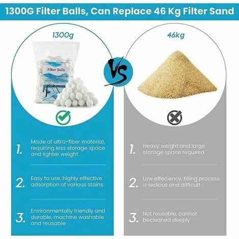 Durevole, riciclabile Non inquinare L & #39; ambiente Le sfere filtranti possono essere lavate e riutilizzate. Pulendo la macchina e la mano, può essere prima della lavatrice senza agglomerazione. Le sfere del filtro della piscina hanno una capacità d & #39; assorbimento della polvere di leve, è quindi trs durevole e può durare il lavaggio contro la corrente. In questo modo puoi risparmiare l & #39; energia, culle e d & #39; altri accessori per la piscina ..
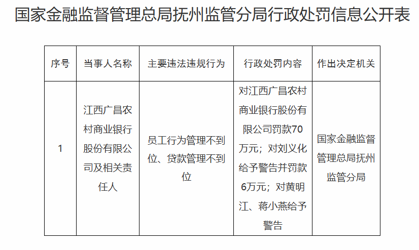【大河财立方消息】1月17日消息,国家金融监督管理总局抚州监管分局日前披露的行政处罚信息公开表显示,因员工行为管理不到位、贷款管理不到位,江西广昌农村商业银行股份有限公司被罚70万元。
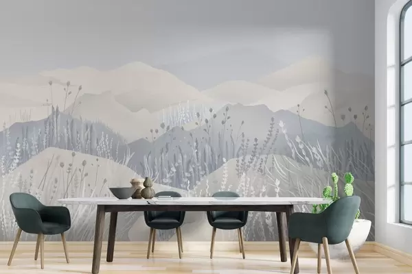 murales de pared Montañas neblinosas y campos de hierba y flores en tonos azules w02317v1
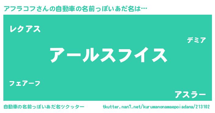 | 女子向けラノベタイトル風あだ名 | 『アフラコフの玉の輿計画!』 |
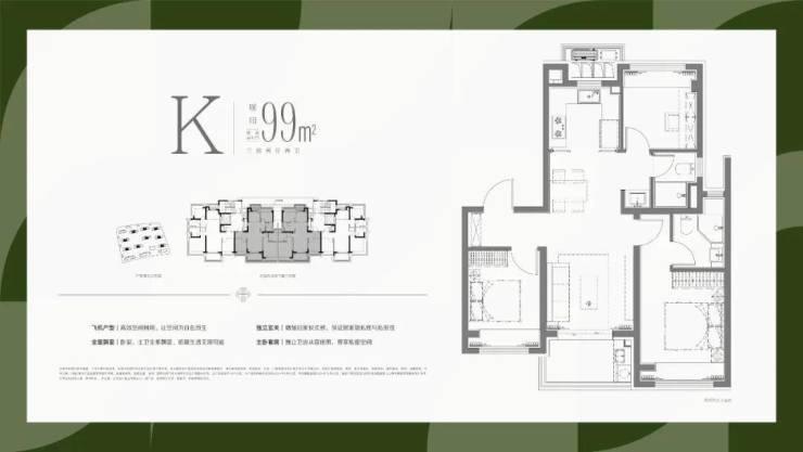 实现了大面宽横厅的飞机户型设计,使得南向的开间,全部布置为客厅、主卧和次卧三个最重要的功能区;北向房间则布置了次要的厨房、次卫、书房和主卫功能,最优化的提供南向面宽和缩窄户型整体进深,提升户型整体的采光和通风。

* * *

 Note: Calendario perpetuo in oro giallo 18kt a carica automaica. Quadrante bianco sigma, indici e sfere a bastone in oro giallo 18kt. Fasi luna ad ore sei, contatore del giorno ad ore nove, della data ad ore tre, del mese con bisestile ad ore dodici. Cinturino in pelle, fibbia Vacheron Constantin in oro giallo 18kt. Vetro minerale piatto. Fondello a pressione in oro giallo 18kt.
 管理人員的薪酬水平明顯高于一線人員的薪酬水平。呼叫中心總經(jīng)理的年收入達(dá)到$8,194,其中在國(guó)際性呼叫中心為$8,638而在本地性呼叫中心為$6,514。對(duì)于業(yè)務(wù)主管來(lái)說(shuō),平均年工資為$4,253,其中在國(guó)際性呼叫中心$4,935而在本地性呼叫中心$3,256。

* * *

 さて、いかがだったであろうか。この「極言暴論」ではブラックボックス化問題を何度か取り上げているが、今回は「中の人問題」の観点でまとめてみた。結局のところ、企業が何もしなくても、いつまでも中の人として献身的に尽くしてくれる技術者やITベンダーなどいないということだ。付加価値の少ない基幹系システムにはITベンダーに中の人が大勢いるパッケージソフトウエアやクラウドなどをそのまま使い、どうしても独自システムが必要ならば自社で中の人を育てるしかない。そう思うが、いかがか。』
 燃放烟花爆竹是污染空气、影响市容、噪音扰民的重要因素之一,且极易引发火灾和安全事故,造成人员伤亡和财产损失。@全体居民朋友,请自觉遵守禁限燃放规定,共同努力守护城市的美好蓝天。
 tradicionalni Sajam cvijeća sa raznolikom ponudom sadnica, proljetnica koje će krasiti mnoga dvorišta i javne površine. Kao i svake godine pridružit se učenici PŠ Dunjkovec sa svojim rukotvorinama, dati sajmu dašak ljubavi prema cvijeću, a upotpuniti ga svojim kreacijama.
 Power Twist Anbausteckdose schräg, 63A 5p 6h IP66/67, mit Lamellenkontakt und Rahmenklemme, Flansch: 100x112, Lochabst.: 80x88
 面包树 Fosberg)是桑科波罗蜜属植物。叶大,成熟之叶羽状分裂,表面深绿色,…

[AIM OF THE TASK]: All that belongs in your answer is the stretch of entries above from the line with "燃放烟花爆竹是污染空气、影响" through the line with "面包树 Fosberg)是桑", printed exactly.

[RESULT BELOW]:
 燃放烟花爆竹是污染空气、影响市容、噪音扰民的重要因素之一,且极易引发火灾和安全事故,造成人员伤亡和财产损失。@全体居民朋友,请自觉遵守禁限燃放规定,共同努力守护城市的美好蓝天。
 tradicionalni Sajam cvijeća sa raznolikom ponudom sadnica, proljetnica koje će krasiti mnoga dvorišta i javne površine. Kao i svake godine pridružit se učenici PŠ Dunjkovec sa svojim rukotvorinama, dati sajmu dašak ljubavi prema cvijeću, a upotpuniti ga svojim kreacijama.
 Power Twist Anbausteckdose schräg, 63A 5p 6h IP66/67, mit Lamellenkontakt und Rahmenklemme, Flansch: 100x112, Lochabst.: 80x88
 面包树 Fosberg)是桑科波罗蜜属植物。叶大,成熟之叶羽状分裂,表面深绿色,…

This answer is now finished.